Even with ideal solid solutions, I am skeptical of some of the minerals that you have included in the SOLID_SOLUTION. The most likely phases would be those that replace calcium with a cation or carbonate with an anion. I don't think it makes sense to include quartz, jarosite, and a couple of the other phases.

[lrossi]

Hello,
Thank you for your answer.

I would like to model major ions and trace elements.
With the script I sent previously I got precisely the same concentrations that I find in batch or field experiments for Fe, Co, Cu, Mn, Sr, Ca, Mg and HCO3. To achieve this I simply modified the number of moles of each mineral phase in SOLID_SOLUTIONS.
I understand that some phases are not suitable or representative of the carbonate rock I am studying. I had mainly chosen in a first time phases which would allow to represent the impurities in the carbonates.

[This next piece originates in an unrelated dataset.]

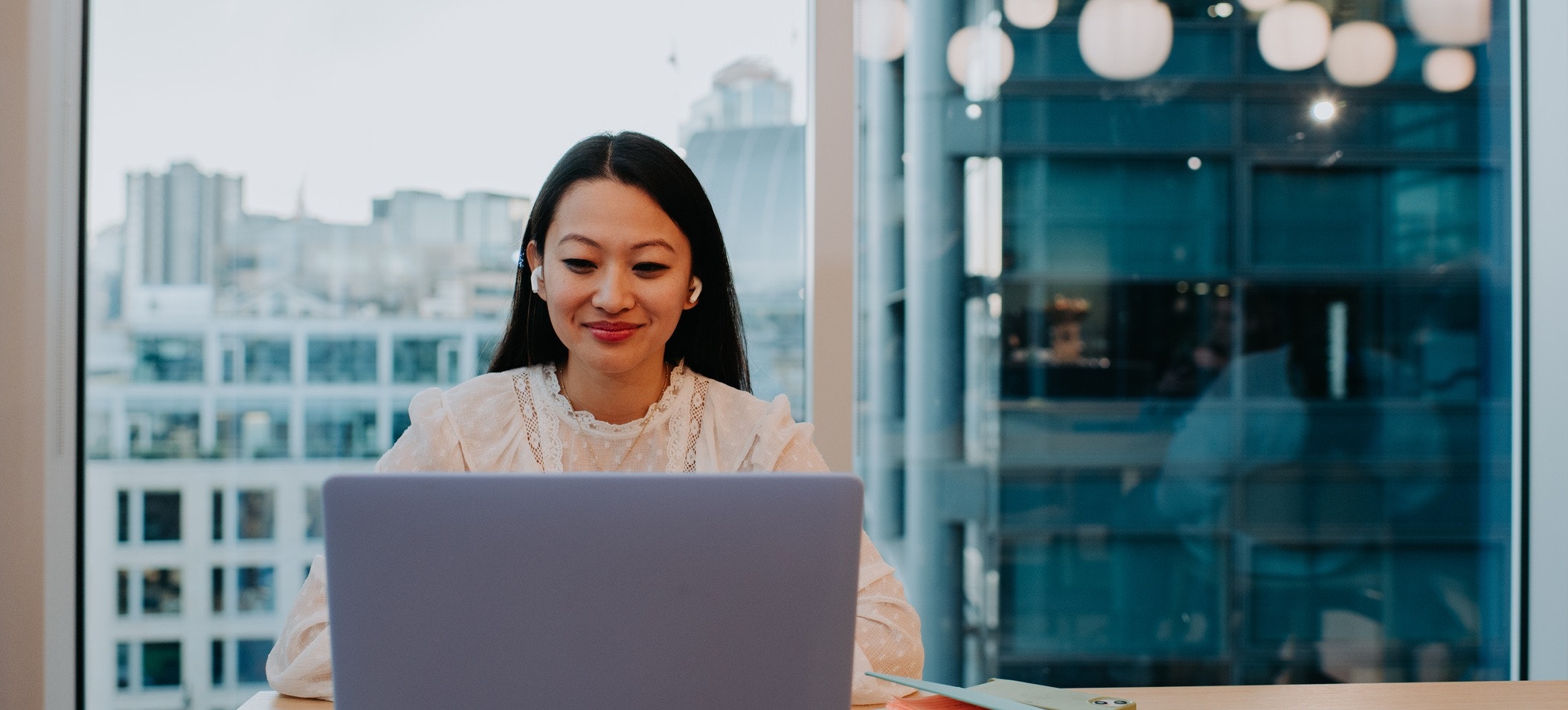 [Featured image] A front-end developer is in an office working on their laptop with earbuds on.
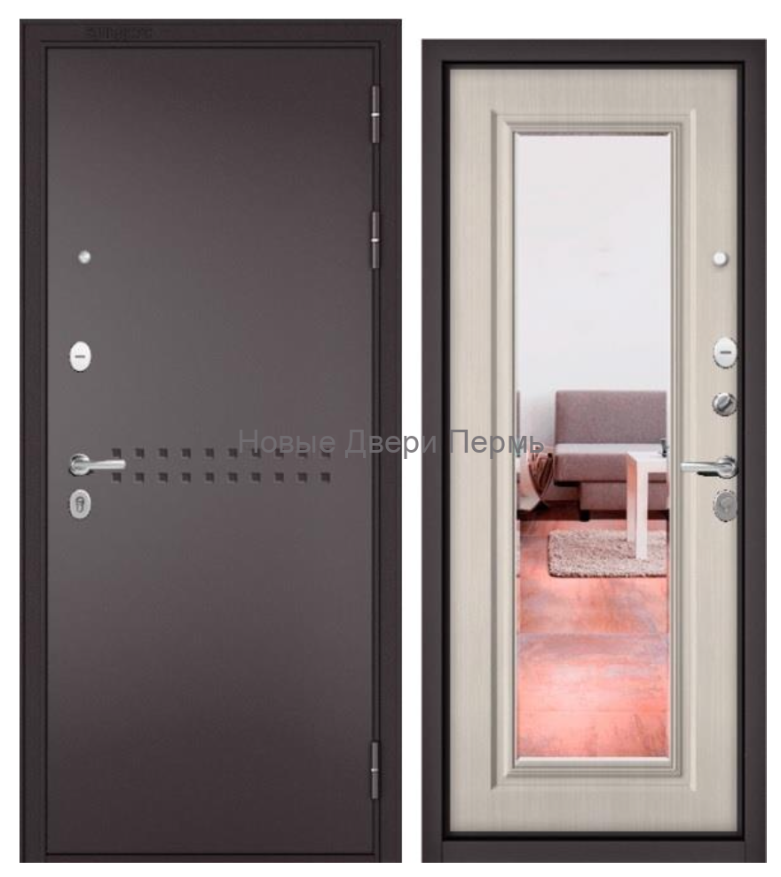 Внутренняя декоративная панель МДФ 16 мм выполнена в цвете Ларче бьянко и дополнена зеркалом во весь рост, которое делает интерьер светлее и визуально просторнее. Наружная сторона оформлена в стильном оттенке Букле шоколад, подчеркивающем премиальный внешний вид двери.

But with this technique, I can't find the same concentrations for Na, K and Cl which are increasing:
Na: 10 mg/L (pH 7) to 25 mg/L (pH 6)
K: 0.5 mg/L (pH 7) to 7 mg/L (pH 6)
Cl: 15 mg/L (pH 7) to 30 mg/L (pH 6)

and NO3 and SO4 decreasing:
NO3: 30 mg/L (pH 7) to 20 mg/L (pH 6)
SO4 : 65 mg/L (pH 7) to 35 mg/L (pH 6)


I don't see how to model NO3, SO4, Na, K and Cl. I thought that they could be adsorbed on the surface of the calcite or come from small amounts of clays that would have gone unnoticed by XRD.